> [Work required]:
I'd like the entries repeated exactly, without their pictures.

> [Data items]:
Content starts

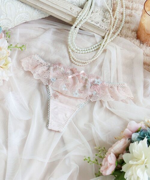 ウエストからバック部分にかけて総レース仕様になっております。Tバックショーツは他のショーツに比べ布面積が少ないため通気性がよく、ムレにくいため快適にご着用いただけます。ショーツのラインが気にならないため、ボトムスの種類を問わず幅広くご着用いただけます。バック部分が肌触りの優しいレースのため、Tバックショーツが初めての方もご着用していただきやすいデザインです。
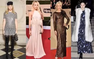 Margot Robbie eligió un diseño de Miu Miu en tono nude adornado con plumas y pequeños brillantes que daban un toque más elegante al estilismo. Una pequeña cola y un escote halter, ponían el broche de oro al vestido que acompañó con complementos en tonos plata metalizado.
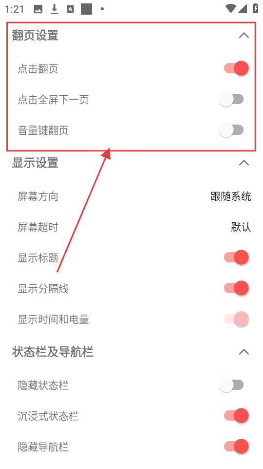 4、在设置页面,可调整翻页设置等,如点击翻页、音量键翻页等,根据喜好设置即可哦。
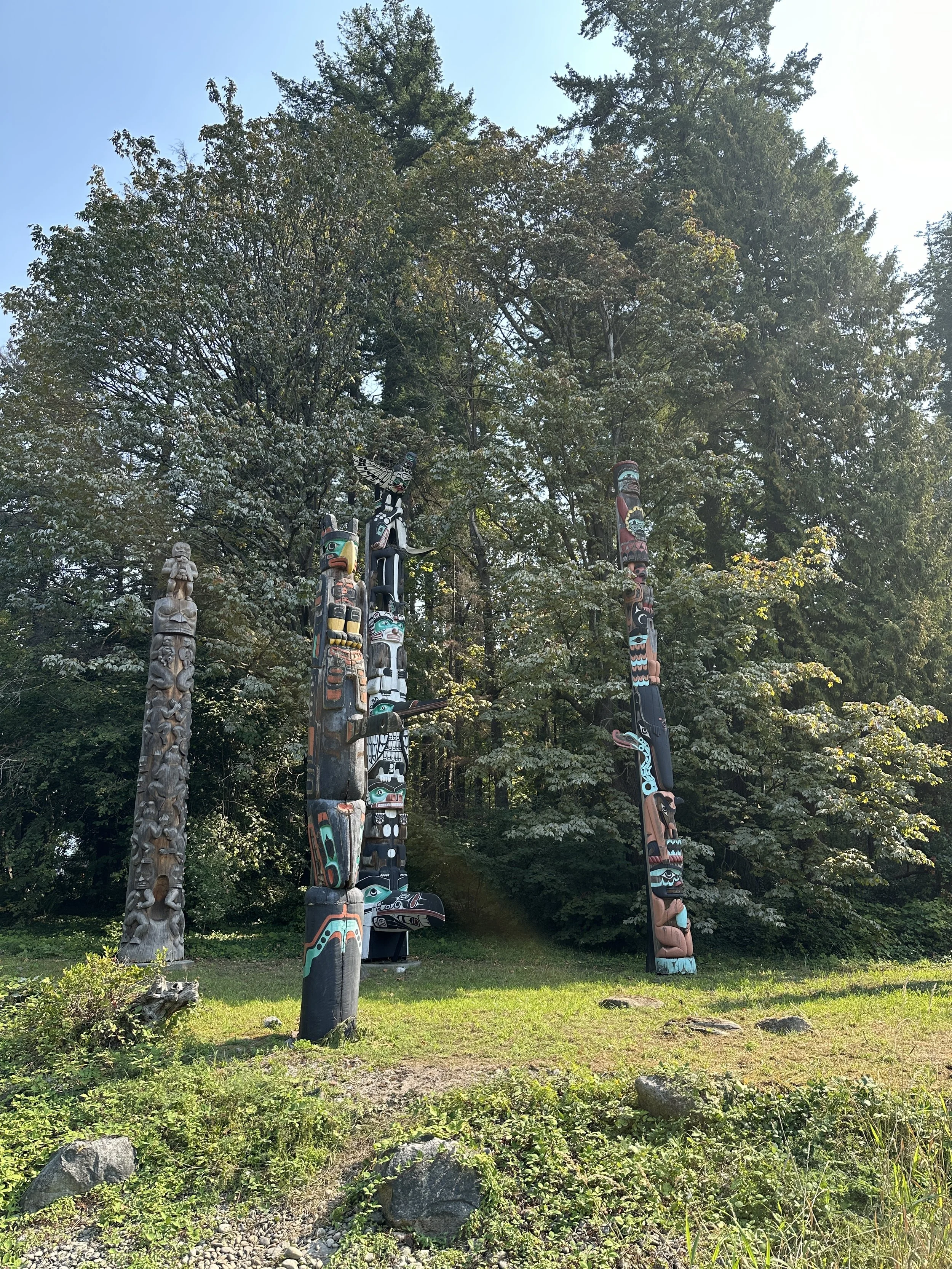 Our first day started with a visit to Stanley Park, a 1,000-acre urban oasis known for its stunning views, lush greenery, and scenic walking paths. We took the seawall trail, which led us to some incredible lookout points, with views of the city skyline, mountains, and Pacific Ocean. Stanley Park is also dotted with totem poles, a beautiful reminder of the city’s Indigenous heritage.
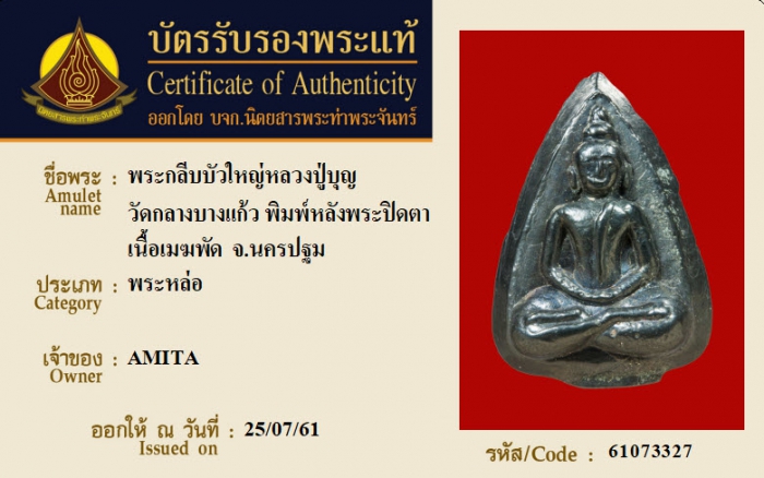 ค้นหาใบการันตีพระแท้
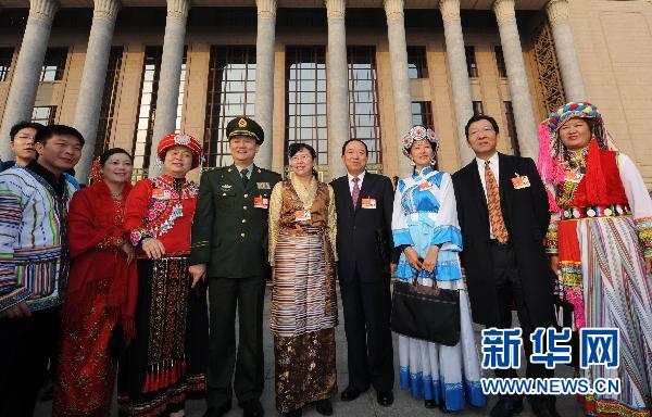 3月5日,第十一届全国人民代表大会第四次会议在北京人民大会堂开幕。这是代表在人民大会堂前合影。 新华社记者 杨宗友摄
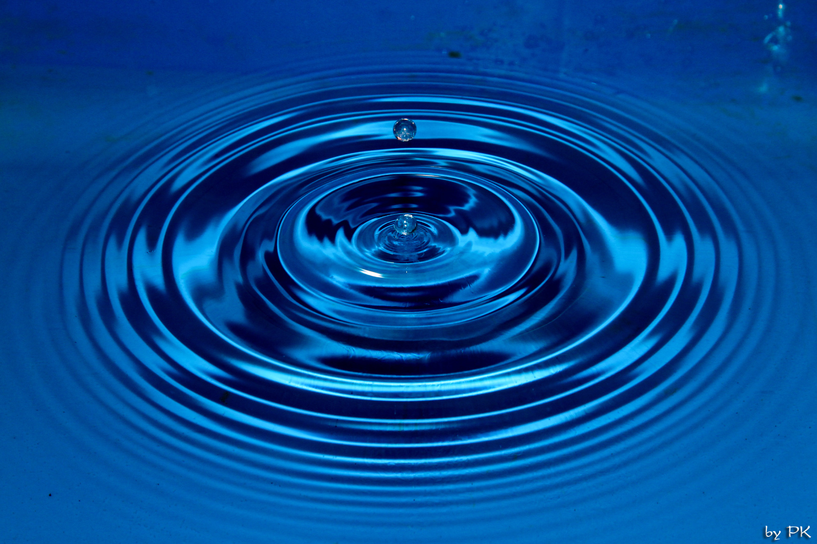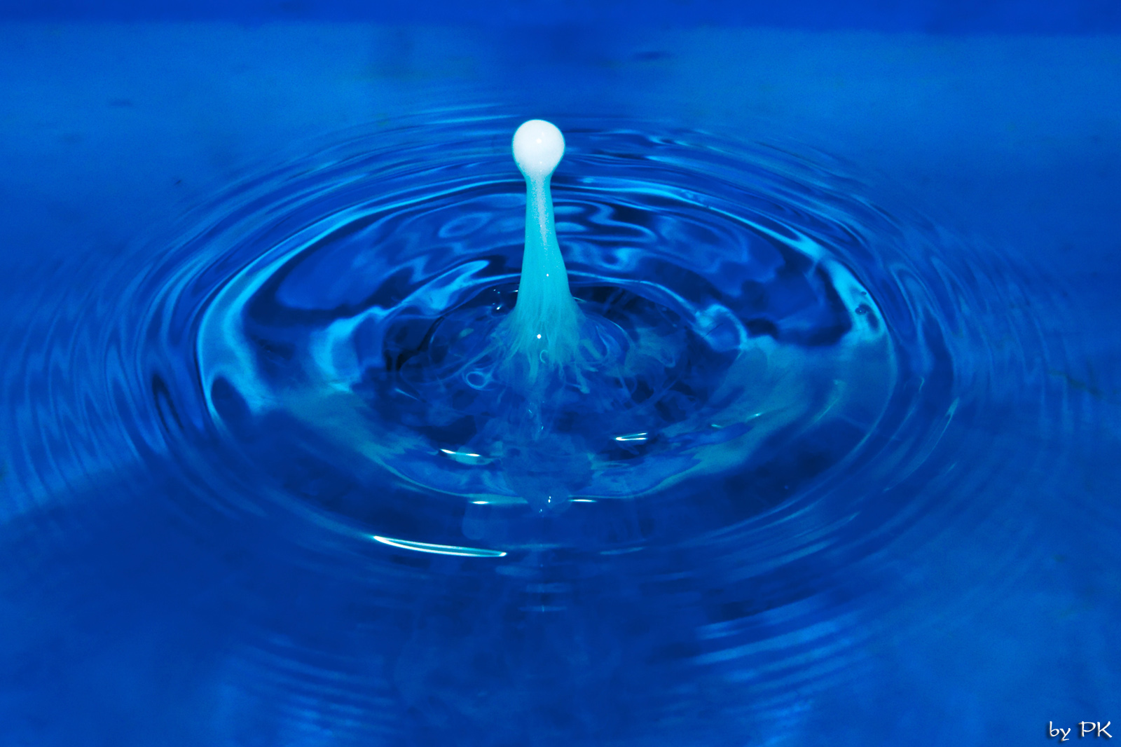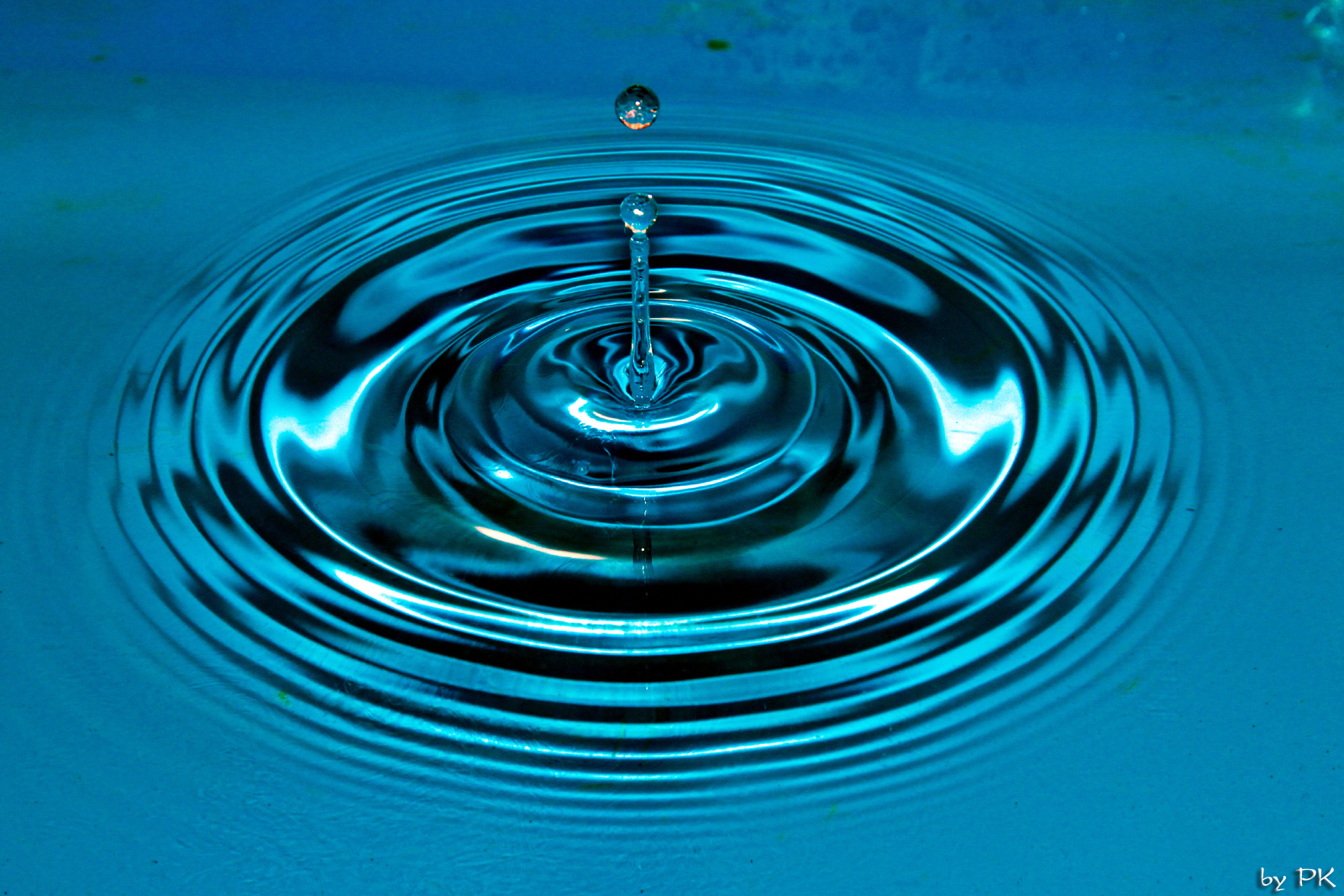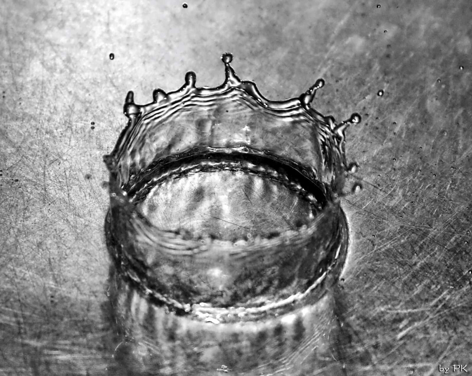To jsem ještě neměl externí blesk, takže zrcadlovka na stativu, manuální nastavení na krátké časy, větší clonu (kvůli větší hloubce ostrosti), manuálně nastavené ostření na jeden bod a k tomu je samozřejmě potřeba dostatečné světlo - proto ta silná lampa v pozadí. Vše v koupelně, lavor na nohy napuštěný vodou. Nad lavorem na provázku upevněný trychtýř ucpaný toaletním papírem a upravený tak, aby kapání nebylo ani moc časté ani moc pomalé, do toho jsem zkoušel kapat vodu, pak sirup, pak mléko... Nejlepší kapky dělal nakonec sirup - zřejmě díky hustotě. Udělal jsem desítky a desítky fotek, pokaždé odhadování a trefa při pádu... Poté výběr a výřez v Lighroomu...

Content ends

> [Solved problem]:
 ウエストからバック部分にかけて総レース仕様になっております。Tバックショーツは他のショーツに比べ布面積が少ないため通気性がよく、ムレにくいため快適にご着用いただけます。ショーツのラインが気にならないため、ボトムスの種類を問わず幅広くご着用いただけます。バック部分が肌触りの優しいレースのため、Tバックショーツが初めての方もご着用していただきやすいデザインです。
 Margot Robbie eligió un diseño de Miu Miu en tono nude adornado con plumas y pequeños brillantes que daban un toque más elegante al estilismo. Una pequeña cola y un escote halter, ponían el broche de oro al vestido que acompañó con complementos en tonos plata metalizado.
 4、在设置页面,可调整翻页设置等,如点击翻页、音量键翻页等,根据喜好设置即可哦。
 Our first day started with a visit to Stanley Park, a 1,000-acre urban oasis known for its stunning views, lush greenery, and scenic walking paths. We took the seawall trail, which led us to some incredible lookout points, with views of the city skyline, mountains, and Pacific Ocean. Stanley Park is also dotted with totem poles, a beautiful reminder of the city’s Indigenous heritage.
 ค้นหาใบการันตีพระแท้
 3月5日,第十一届全国人民代表大会第四次会议在北京人民大会堂开幕。这是代表在人民大会堂前合影。 新华社记者 杨宗友摄
To jsem ještě neměl externí blesk, takže zrcadlovka na stativu, manuální nastavení na krátké časy, větší clonu (kvůli větší hloubce ostrosti), manuálně nastavené ostření na jeden bod a k tomu je samozřejmě potřeba dostatečné světlo - proto ta silná lampa v pozadí. Vše v koupelně, lavor na nohy napuštěný vodou. Nad lavorem na provázku upevněný trychtýř ucpaný toaletním papírem a upravený tak, aby kapání nebylo ani moc časté ani moc pomalé, do toho jsem zkoušel kapat vodu, pak sirup, pak mléko... Nejlepší kapky dělal nakonec sirup - zřejmě díky hustotě. Udělal jsem desítky a desítky fotek, pokaždé odhadování a trefa při pádu... Poté výběr a výřez v Lighroomu...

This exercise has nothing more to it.